Want to level up your cloud incident response game? Register now for our AWS incident response course and you will be alerted when it goes live.
Background
When faced with an incident response you want to be able to respond quickly. In most AWS environments a client will have some logging available, at a minimum there will be CloudTrail logging available in a S3 bucket somewhere. In more mature environments, you might have other logging such as S3 access logging for high value buckets or network logging from your instances or network devices. Regardless the ability to quickly triage is very valuable when doing incident response.
Athena
With Athena we can achieve all of the above, it's a serverless offering which is very flexible. Some basic things we need to understand when working with Athena are:
- Indexing and Partitioning
- Log support
- Query language
Indexing and Partitioning
Data is not indexed in Athena, it just allows you to search through data that is stored somewhere else (e.g. S3 bucket). So don't compare it to a log management solution or a SIEM, because it doesn't work like that. Athena just queries the data, but how does Athena know what fields there are and the data format? Enter Glue (docs), this service makes the data available to Athena for searching. Glue catalogs the data and defines a schema for the data so Athena knows what is available. That is the very short summary.

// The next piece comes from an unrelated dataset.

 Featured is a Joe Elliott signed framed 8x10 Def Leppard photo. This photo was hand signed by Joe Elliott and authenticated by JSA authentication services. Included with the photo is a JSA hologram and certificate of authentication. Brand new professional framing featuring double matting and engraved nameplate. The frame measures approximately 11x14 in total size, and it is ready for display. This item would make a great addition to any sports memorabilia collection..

Another really important thing that Glue provides is partitions, this allows you to limit your searches to data you are interested in. Let's look at an example CloudTrail folder in S3:
As you can see the data is stored in the folder CloudTrail, with the structure $region/$year/$month/$day/$hour. What a partition allows you to do is, tell Glue this is the structure/path to our data use that as a partition. Now in Athena you can simply say region=us-east-1 and it will only search inside the path CloudTrail/us-east-1. Why is this important to understand? Well each query is charged and the amount depends on the data that Athena/Glue has to search through. So if you can limit the data it needs to scan you will have lower charges ($$). It also speeds up the query significantly if it only needs to scan one region or year or month. That is why partitioning is important. To quickly check if a table in Athena is partitioned you can look at the tables and it will tell you as shown below:
Log support
The following logs are supported directly in Athena, meaning there's official documentation and loading instructions for these log types. The table below shows the most common logs you will encounter in incident response and a link to the loading instructions:
Data loading
With the instructions above we can load in our data, to load in data we need to know two things:
- Data location (S3)
- Loading instructions (DDL)
Data location
Assuming your logs are stored in S3, all you need to know is the location of the log file for example to load in our S3 access logs:
s3://invictus-s3-access-logs/
Loading instructions (DDL)
Next we will load in the data, using a Data Definition Language (DDL) statement, the instructions can be found using the links in the table above for the major data sources, one example for ELB access logs:
The only thing we need to change to load in our ELB access logs is the LOCATION at the bottom and now you have your ELB access logs in an Athena table called elb_logs which is defined on the first line of the DDL statement. Each data source will need its own DDL in order to make sure data gets properly parsed.
Analysis
Some tips when searching through log files in Athena:
Limit the output, each query is charged, therefore make sure you limit the output of your queries. Don't run SELECT * FROM TABLE if you want to understand what fields are in the dataset. Just run SELECT * FROM TABLE LIMIT 10 to get 10 events back. The reason is that Athena wil charge you based on the number of data it needs to search through so if you don't limit it you can have some unwanted costs and even services that time-out.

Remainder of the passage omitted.